Currently, when the compiler parses a file, it does not keep
in memory the text values of every token. I can understand
why you thought it's redundant if you were thinking the
start + the length would suffice. But now you are suggesting
I keep track of every text value to avoid having both a start
and an end.

The lexer does not need to do extra work to keep track of end
locations, otherwise how would it know the start location of
the next token? It already has in memory, at some point, the
end location of each token it scans. All this patch does is
make it available when it returns.

Furthermore, let's put back this patch in the context of
diagnostics and thus parse ranges:

You are right when you say that {'+',[{line,1},{column,1},{'end',{1,2}}]}
and {'+',[{line,1},{column,1},{length,1}]} are equivalent.

Just the same, {integer,[{line,1},{column,1},{'end',{1,2}}],1} and
{integer,[{line,1},{column,1},{length,1}],1} are also equivalent.

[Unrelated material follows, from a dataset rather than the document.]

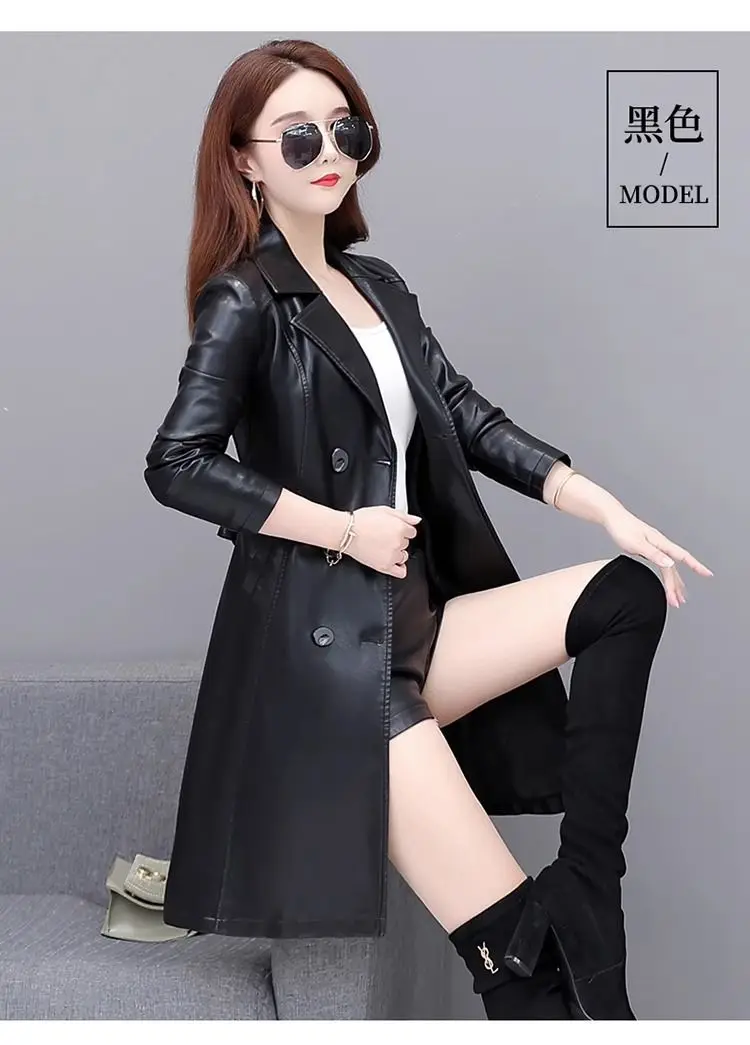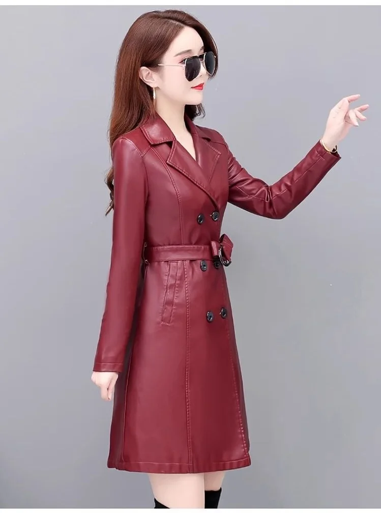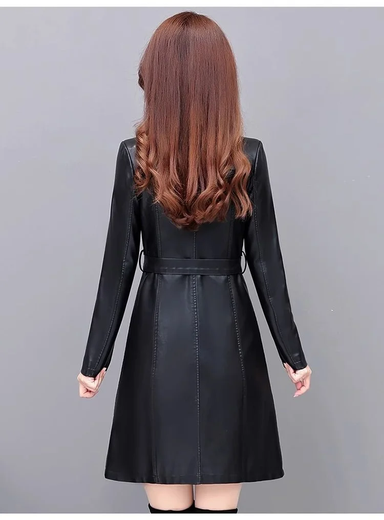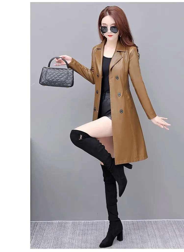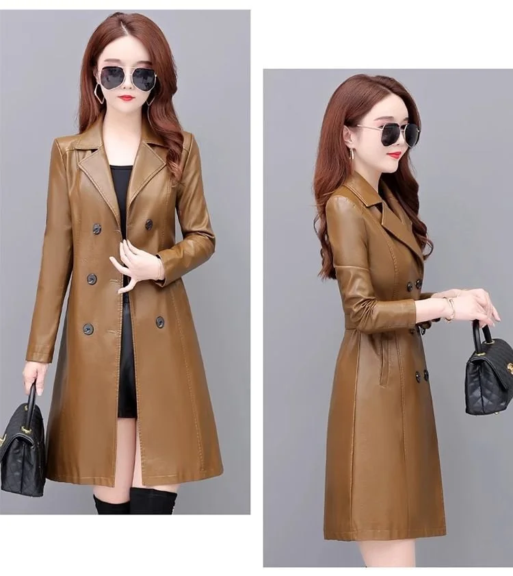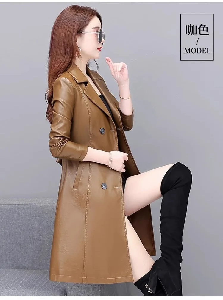 This mid-length leather jacket for women combines chic Korean style with practical design, perfect for autumn and winter. Featuring a double-breasted closure and a turn-down collar, it offers a flattering slim fit. Crafted from PVC material, it includes pockets and buttons for added detail. Available in sizes M to 4XL, this casual jacket provides full sleeves and comfortable wear, making it an excellent choice for middle-aged women seeking both style and warmth.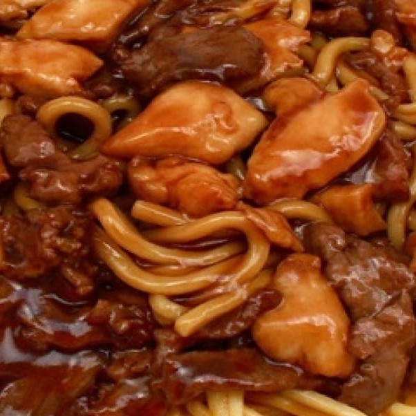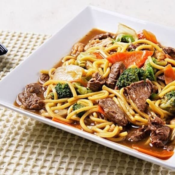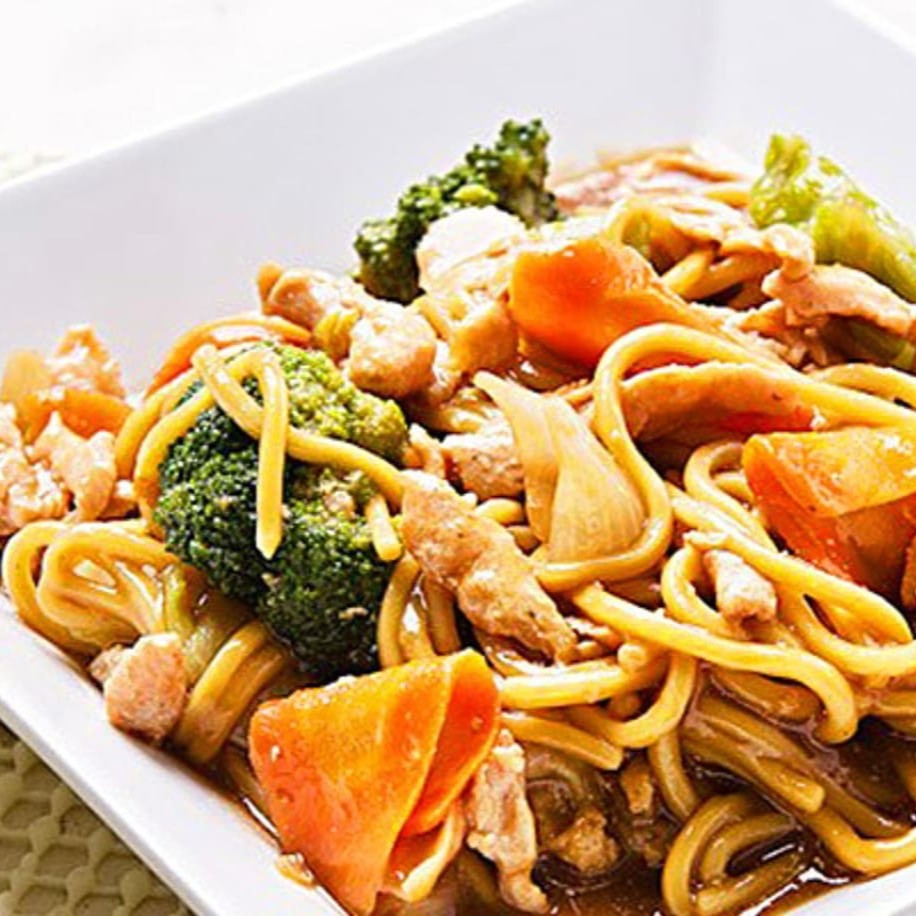 (02 Unidades no tamanho Pequeno, cada unidade serve 1 Pessoa) Saboroso macarrão chinês com carne, frango e legumes selecionados ao molho shoyu.

But how can I compute the locations range of "1 + 2"? You are
suggesting that I try to compute the length of this thing, by
substracting the start locations of "2" and "1" and then adding
the length of "2". That would give me the whole length of the
{op,...,'+',...,...} node. But what about nodes that span more
than one line? To cover these cases, you are suggesting I keep
track of the text of the tokens. Should I compute the text of
the whole node? What about memory usage? That would be a pain
in the ass for huge files, like erl_parse.erl.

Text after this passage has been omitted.